這一章我們要學著分析一篇文章的情緒(是好或壞)。但在那之前，我們要先學習如何將字詞轉為數字，讓電腦操作。我們先用以下的程式來將三個句子中的單字轉為數字

In [2]:
import numpy as np
from sklearn.feature_extraction.text import CountVectorizer

count = CountVectorizer()
docs = np.array([
        'The sun is shining',
        'The weather is sweet',
        'The sun is shining, the weather is sweet, and one and one is two'])
bag = count.fit_transform(docs)

In [3]:
print(count.vocabulary_)

{'the': 6, 'sun': 4, 'is': 1, 'shining': 3, 'weather': 8, 'sweet': 5, 'and': 0, 'one': 2, 'two': 7}


所以這三句話一共出現了8種單字。換句話說，假設今天有一個向量$a$，它的長度為三個句子中最長的字數，每一個分量$a_n=t$代表編號$t$出現的次數，這樣一來就能用向量代表一句話。這個編號是由出現頻率最高的詞為最小，反之亦然。我們稱為這個編號$t$為該詞在文本$d$中的\text{詞頻}，記作$tf(t,d)$。

In [4]:
print(bag.toarray())

[[0 1 0 1 1 0 1 0 0]
 [0 1 0 0 0 1 1 0 1]
 [2 3 2 1 1 1 2 1 1]]


所謂"n-gram"是指幾個字為一組進行編碼。比方說，1gram會得到"the" "sun" "is"，2-gram會得到"the sun" "sun is" "is shinning"。另外，一篇文章中，太頻繁出現的字可能並沒有太大的意義。比方說"is"，"的"，"幹玲娘糙機掰(in 館長直播文本資料集)"。我們定義\textbf{詞頻-反向文件頻率}為 $$tfidf(t,d)=tf(t,d)\times idf(t,d)$$
其中$idf(t,d)$稱為反向文件頻率，$$idf(t,d)=\log\frac{n_d}{1+df(d,t)}$$
其中$n_d$為文件總數，$df(d,t)表示包含了字詞$t$的文件檔$d$的數量。
這樣的定義會使頻繁出現的字之後在作處理時的權重降低。我們用以下的程式計算tf-idf

In [5]:
from sklearn.feature_extraction.text import TfidfTransformer

tfidf = TfidfTransformer(use_idf=True, # scikit learn用的公式跟我們用的有一點差別，不過意義一樣
                         norm='l2', 
                         smooth_idf=True)
print(tfidf.fit_transform(count.fit_transform(docs))
      .toarray())

[[0.         0.43370786 0.         0.55847784 0.55847784 0.
  0.43370786 0.         0.        ]
 [0.         0.43370786 0.         0.         0.         0.55847784
  0.43370786 0.         0.55847784]
 [0.50238645 0.44507629 0.50238645 0.19103892 0.19103892 0.19103892
  0.29671753 0.25119322 0.19103892]]


引進電影評論資料集

In [6]:
import pandas as pd

df = pd.read_csv('movie_data.csv', encoding='utf-8')
df.head(3)

Unnamed: 0,review,sentiment
0,"In 1974, the teenager Martha Moxley (Maggie Gr...",1
1,OK... so... I really like Kris Kristofferson a...,0
2,"***SPOILER*** Do not read this, if you think a...",0


首先先用正規表達式的函式庫刪掉所有html語法中的符號。但我們表劉表情符號，比方說:)

In [7]:
import re

def preprocessor(text):
    text = re.sub('<[^>]*>', '', text) # 找出html語法
    emoticons = re.findall('(?::|;|=)(?:-)?(?:\)|\(|D|P)', # 找出表情符號
                           text)
    text = (re.sub('[\W]+', ' ', text.lower()) +
            ' '.join(emoticons).replace('-', ''))
    return text

In [9]:
df['review'] = df['review'].apply(preprocessor)

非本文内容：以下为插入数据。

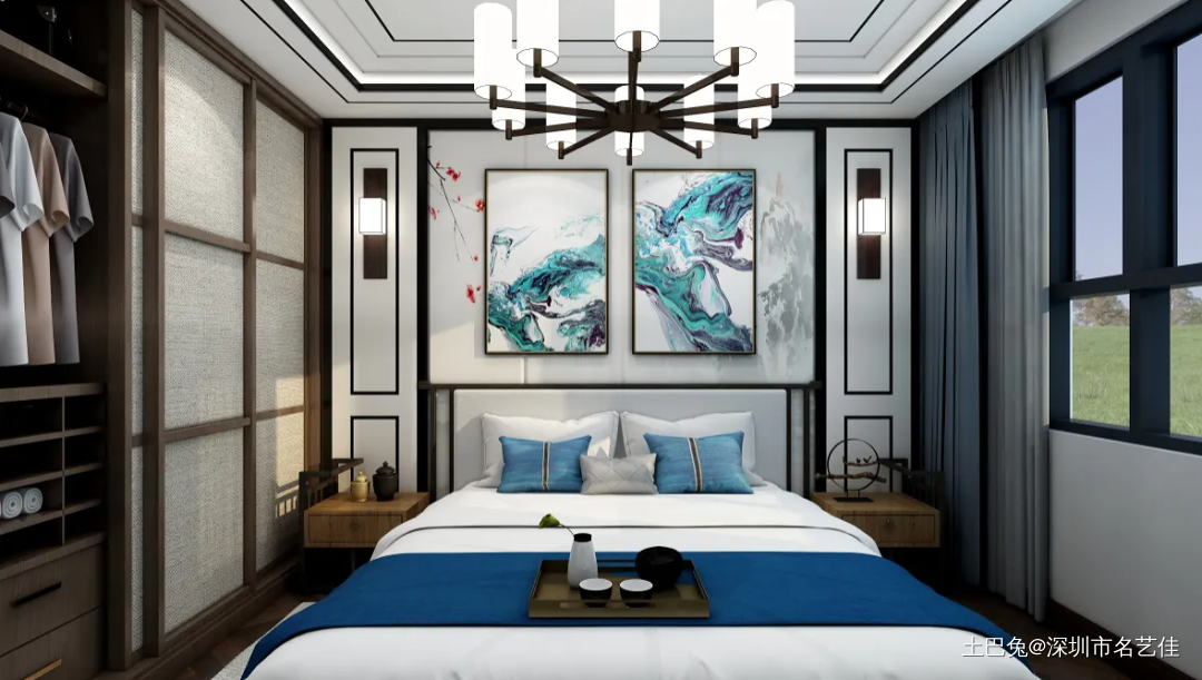 主卧设计追求豪华,加入木制家具,体现新中式风格

接著先引進nltk函式庫(但還沒有要用)。裡面的函式可將所有單字的變化型還原成原型，並清除掉比較沒意義的字。

In [11]:
from nltk.stem.porter import PorterStemmer

porter = PorterStemmer()

def tokenizer(text):
    return text.split()

def tokenizer_porter(text):
    return [porter.stem(word) for word in text.split()]

In [12]:
import nltk

nltk.download('stopwords')

[nltk_data] Downloading package stopwords to
[nltk_data]     C:\Users\USER\AppData\Roaming\nltk_data...
[nltk_data]   Unzipping corpora\stopwords.zip.


True

In [16]:
from nltk.corpus import stopwords

stop = stopwords.words('english')
[w for w in tokenizer_porter('a runner likes running and runs a lot')[-10:]
if w not in stop] #示範其效果

['runner', 'like', 'run', 'run', 'lot']

接下來我們要用機器學習的演算法來訓練模型了。首先先分割訓練集和測試集

In [13]:
X_train = df.loc[:25000, 'review'].values
y_train = df.loc[:25000, 'sentiment'].values
X_test = df.loc[25000:, 'review'].values
y_test = df.loc[25000:, 'sentiment'].values

用GridSearch演算法搜尋邏輯斯回歸的最佳超參數配置。

In [17]:
from sklearn.pipeline import Pipeline
from sklearn.linear_model import LogisticRegression
from sklearn.feature_extraction.text import TfidfVectorizer
from sklearn.model_selection import GridSearchCV

tfidf = TfidfVectorizer(strip_accents=None,
                        lowercase=False,
                        preprocessor=None)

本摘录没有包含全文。